● **Data supplied**:
=== Begin Enclosure ===
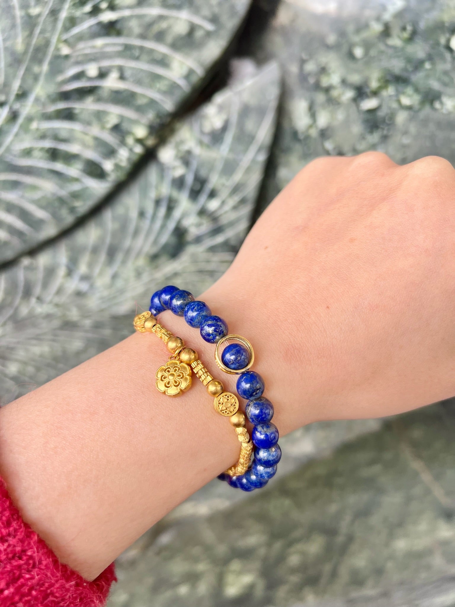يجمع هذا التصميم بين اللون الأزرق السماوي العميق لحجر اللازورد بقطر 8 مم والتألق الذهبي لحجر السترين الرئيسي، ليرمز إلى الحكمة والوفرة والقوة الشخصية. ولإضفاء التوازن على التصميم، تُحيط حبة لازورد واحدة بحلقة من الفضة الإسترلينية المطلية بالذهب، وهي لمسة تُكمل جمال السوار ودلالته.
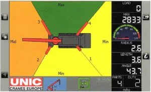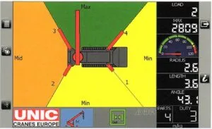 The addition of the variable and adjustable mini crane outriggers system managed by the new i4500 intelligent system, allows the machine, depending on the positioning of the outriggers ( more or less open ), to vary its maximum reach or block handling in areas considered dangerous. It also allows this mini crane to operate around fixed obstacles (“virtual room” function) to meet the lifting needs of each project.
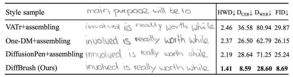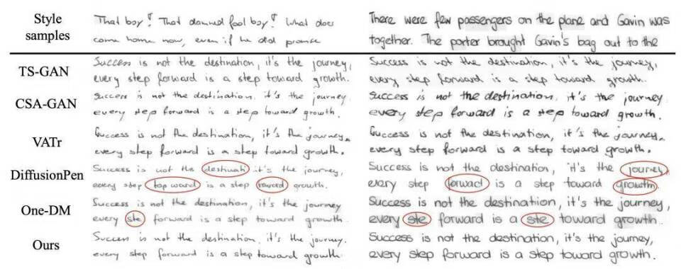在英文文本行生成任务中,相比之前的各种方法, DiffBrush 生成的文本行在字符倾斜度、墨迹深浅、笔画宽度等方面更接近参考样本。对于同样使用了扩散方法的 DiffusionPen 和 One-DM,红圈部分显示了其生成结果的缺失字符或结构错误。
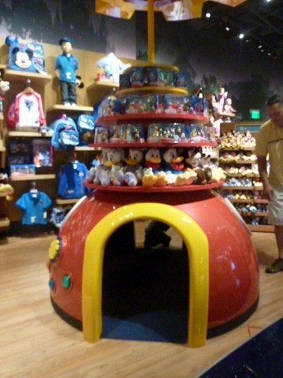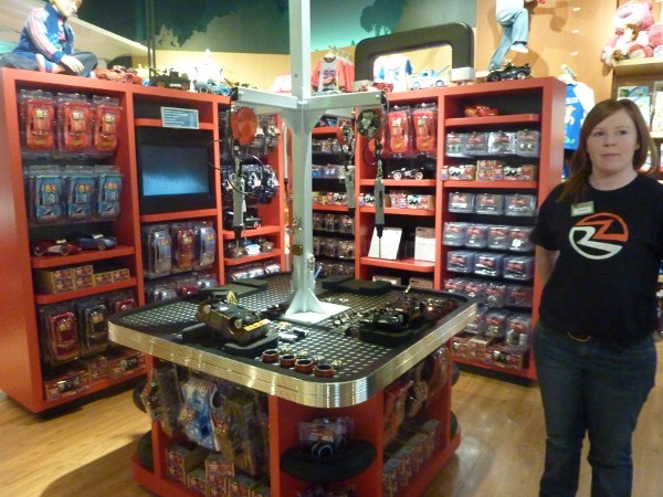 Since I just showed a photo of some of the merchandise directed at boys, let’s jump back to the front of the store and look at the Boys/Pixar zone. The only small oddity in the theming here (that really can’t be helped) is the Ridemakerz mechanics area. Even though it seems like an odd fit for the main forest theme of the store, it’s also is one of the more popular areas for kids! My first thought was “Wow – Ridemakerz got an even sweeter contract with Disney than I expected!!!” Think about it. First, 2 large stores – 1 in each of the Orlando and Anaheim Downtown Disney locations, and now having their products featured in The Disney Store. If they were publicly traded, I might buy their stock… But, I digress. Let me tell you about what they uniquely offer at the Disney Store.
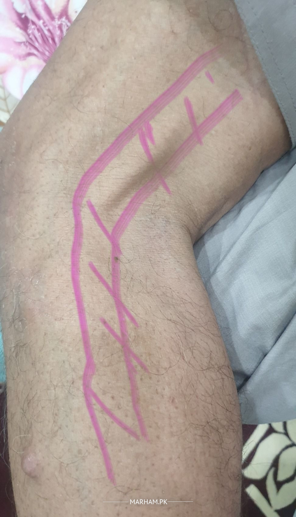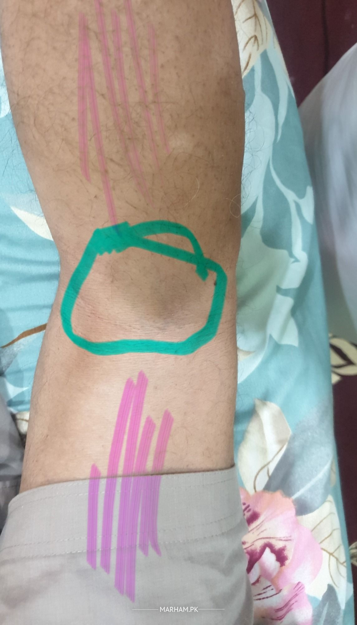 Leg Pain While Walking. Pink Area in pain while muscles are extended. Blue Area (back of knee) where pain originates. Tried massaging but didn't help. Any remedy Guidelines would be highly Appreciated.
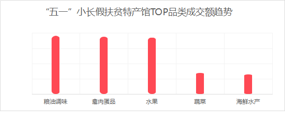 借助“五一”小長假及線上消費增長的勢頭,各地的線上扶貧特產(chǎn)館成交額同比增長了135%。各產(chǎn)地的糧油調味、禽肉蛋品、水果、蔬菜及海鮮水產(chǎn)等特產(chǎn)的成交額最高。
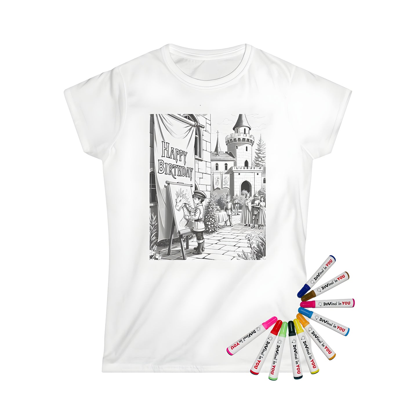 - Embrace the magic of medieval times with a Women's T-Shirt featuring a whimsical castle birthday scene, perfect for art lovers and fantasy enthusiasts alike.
=== End Enclosure ===
● **Instructions to follow**: Please return, exactly as written, the lines from the first line of the records above through the line containing "DiffusionPen 和 One-DM,红圈部分显示了其生成结果的缺失字符或结构错误。", both included, leaving out any pictures.

● **Answer section**:
يجمع هذا التصميم بين اللون الأزرق السماوي العميق لحجر اللازورد بقطر 8 مم والتألق الذهبي لحجر السترين الرئيسي، ليرمز إلى الحكمة والوفرة والقوة الشخصية. ولإضفاء التوازن على التصميم، تُحيط حبة لازورد واحدة بحلقة من الفضة الإسترلينية المطلية بالذهب، وهي لمسة تُكمل جمال السوار ودلالته.
 The addition of the variable and adjustable mini crane outriggers system managed by the new i4500 intelligent system, allows the machine, depending on the positioning of the outriggers ( more or less open ), to vary its maximum reach or block handling in areas considered dangerous. It also allows this mini crane to operate around fixed obstacles (“virtual room” function) to meet the lifting needs of each project.
在英文文本行生成任务中,相比之前的各种方法, DiffBrush 生成的文本行在字符倾斜度、墨迹深浅、笔画宽度等方面更接近参考样本。对于同样使用了扩散方法的 DiffusionPen 和 One-DM,红圈部分显示了其生成结果的缺失字符或结构错误。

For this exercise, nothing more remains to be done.